Teens and other persons need sex education and communication skills that will help them make wise choices about sexual behavior. Discussing sexual behavior options (including abstinence) with youth prior to the time that they become sexually active is of paramount importance. Methods to prevent pregnancy and STDs should be discussed in detail. Parents, schools, the church, the media and other concerned sources play important roles in educating youth.

Regardless of their income status, teenagers need access to comprehensive health education, contraceptive services, STD screening and treatment, and prenatal services. Both females and males must be included in the prevention programs. They should be made aware of the relationship between teenage pregnancy and risk factors such as poverty, sexual abuse, substance abuse, violence, poor school performance, and dropout rates.

Empowerment Points

  • Teen sexual activity and pregnancy is a national concern.
  • 66 percent of females and 68 percent of males are sexually active by age 18.
  • Pregnancy rates are very high for African American teens; too high in fact.
  • Parents need to love, teach, and guide children as early as 7 and 8 years old about sex education and responsible sexual behavior.
  • Black teens must be educated and advised to utilize accessible contraceptive services, as well as STD screening and treatment services, especially if they are sexually active.
  • Black teens should strive to stay in school, get a good education whether college or a trade profession, so that they can rise above the entrenched poverty which is a main cause of early childbearing among disadvantaged teenage females.
  • We must recognize, minimize, and eradicate risk factors such as sexual abuse, substance abuse, poor school performance, dropout rates, violence, poverty, and racism that has a connecting relationship with teenage pregnancy.
  • We must love and encourage our young people to achieve, excel, and be the very best that they can be in all areas of life.

References

Minnesota Organization on Adolescent Pregnancy, Prevention and Parenting.

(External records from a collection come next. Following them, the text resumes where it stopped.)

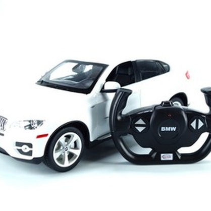 Радиоуправляемый кроссовер BMW X6 от Rastar, выполненный в масштабе 1:14, воспроизводит большой автомобиль BMW X6 – мечту любителей скорости и комфорта. Лицензионная игрушечная модель точно повторяет дизайн оригинала: четыре дверцы, четыре места, скошенная крыша-купе. Дверцы машинки не открываются, но через стекла можно рассмотреть интерьер, оформленный в серых тонах. Игрушка изготовлена из сверкающего пластика, который настолько прочен, что не разбивается при ударах о каменную стену на полной скорости. Любителям радиоуправляемых моделей будет приятно узнать, что скорости этой машинки высокие: BMW X6 от Rastar разгоняется аж до 12 км/час. Именно поэтому мы рекомендуем данный внедорожник на пульте управления как самый желанный подарок для фанатов игрушечных гонок.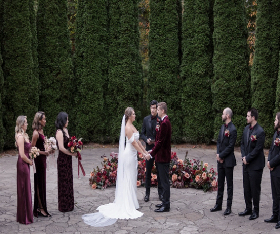 The stunning landscape is complemented by a large, serene pool with an elegant water feature, creating a tranquil atmosphere. Imagine exchanging vows or sharing a glass of champagne with your guests, surrounded by luscious trees and the sound of cascading water adding to the sense of serenity. Whether it's an intimate gathering or a grand celebration, this location blends natural beauty and luxurious amenities to create an unforgettable wedding experience. Available for: ▸Ceremony-Only Package ▸Full Wedding Package ▸Cocktail Hour Add-On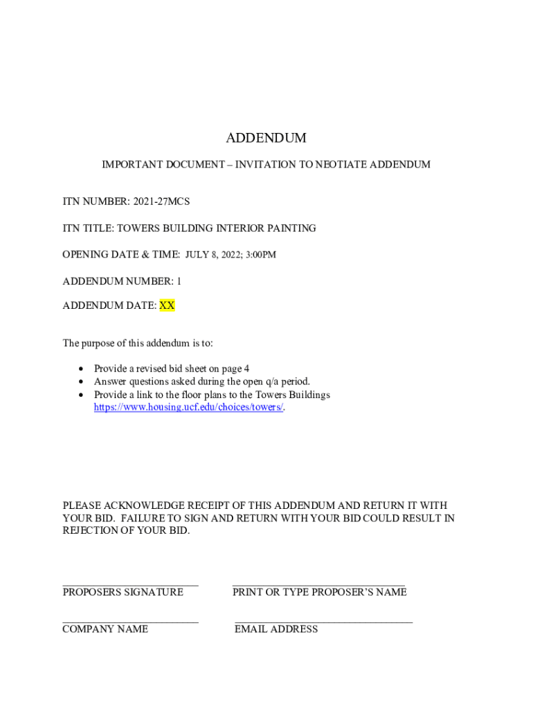 ADDENDUM IMPORTANT DOCUMENT INVITATION TO NEGOTIATE ADDENDUM ITN NUMBER: 202127MCS ITN TITLE: TOWERS BUILDING INTERIOR PAINTING OPENING DATE & TIME: JULY 8, 2022; 3:00PM ADDENDUM NUMBER: 1 ADDENDUM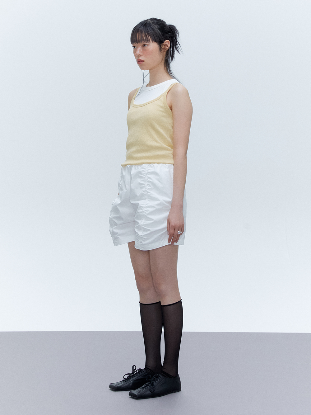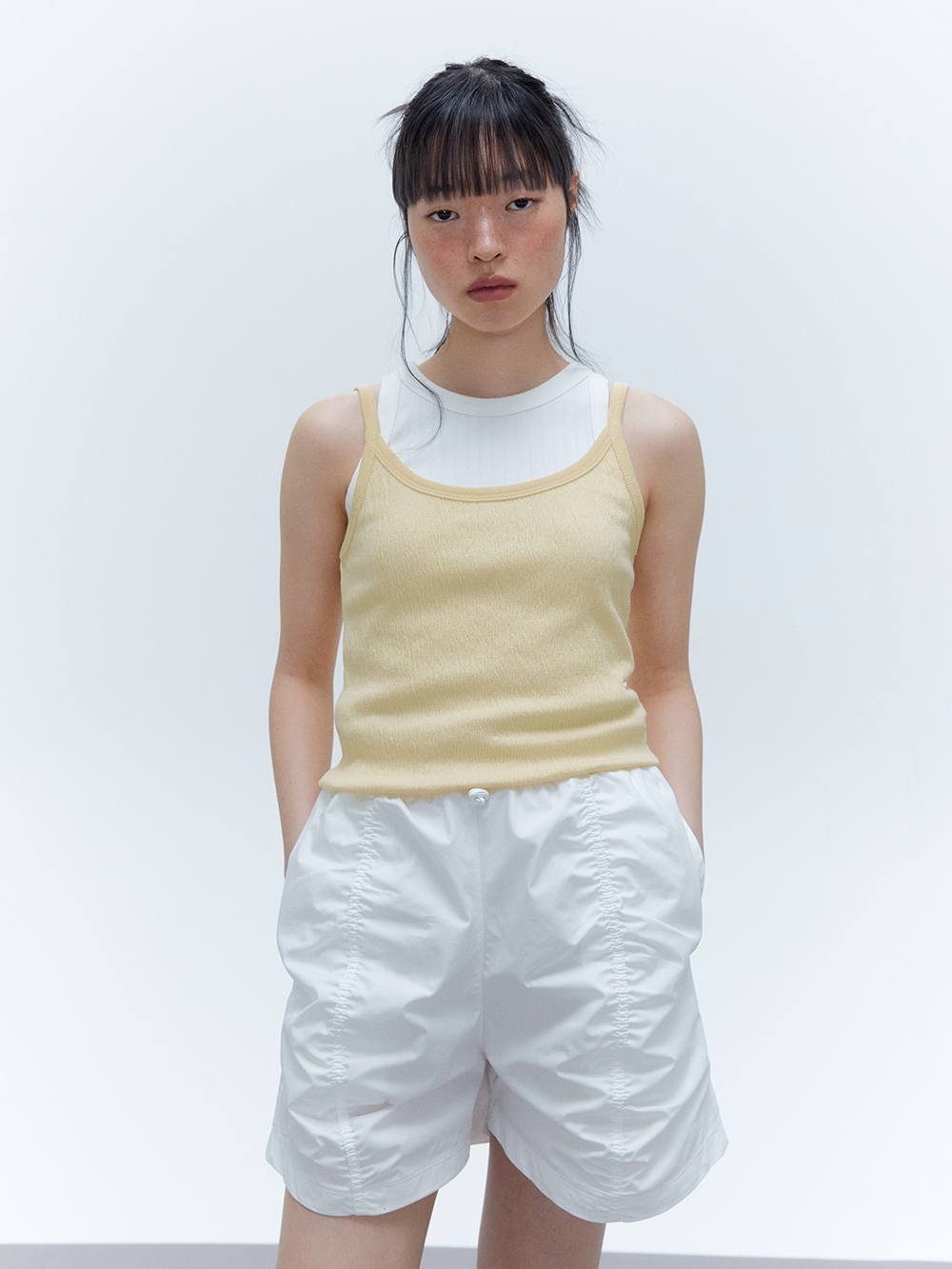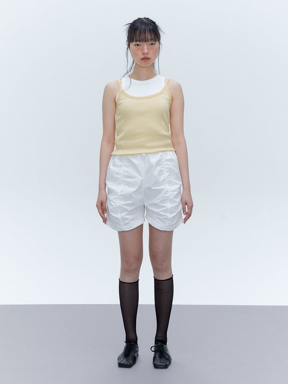 2024 SUMMER COLLECTION - COTTON, NYLON 혼방의 밴딩 쇼츠 - 바이오 워싱 가공을 통한 부드러운 터치감 - 전면 중심부의 셔링디테일 - 허리의 밴딩을 통한 편안한 착용감 - YKK사의 스토퍼 - Made in korea +COLOR WHITE, BEIGE, BLACK +CARE Dry cleaning only +MODEL SIZE 167cm Model(Female) wears size Free

Robert W. Buckingham, Dr. P.H. and Mary P. Derby, R.N., M.P.H. , ”I’m Pregnant, Now What Do I Do?”, Amherst, New York: Prometheus Books, 1997.

P.L. Sunderland, Ph.D. and Joan E. O’Brien, Why I waited: Successful Women Talk About Their Pregnancy Choices, New York: The Rosen Publishing Group, Inc., 1997.

Teenage Pregnancy: Opposing Viewpoints, Stephen P. Thompson, book editor, San Diego, CA: Green Haven Press, Inc., 1997

Progress Report For: Black Americans, The United States Public Health Service (PHS), Healthy People 2000 Objectives, 1994.

Sally Jessie Raphael – national television talk show – 16 February 2000.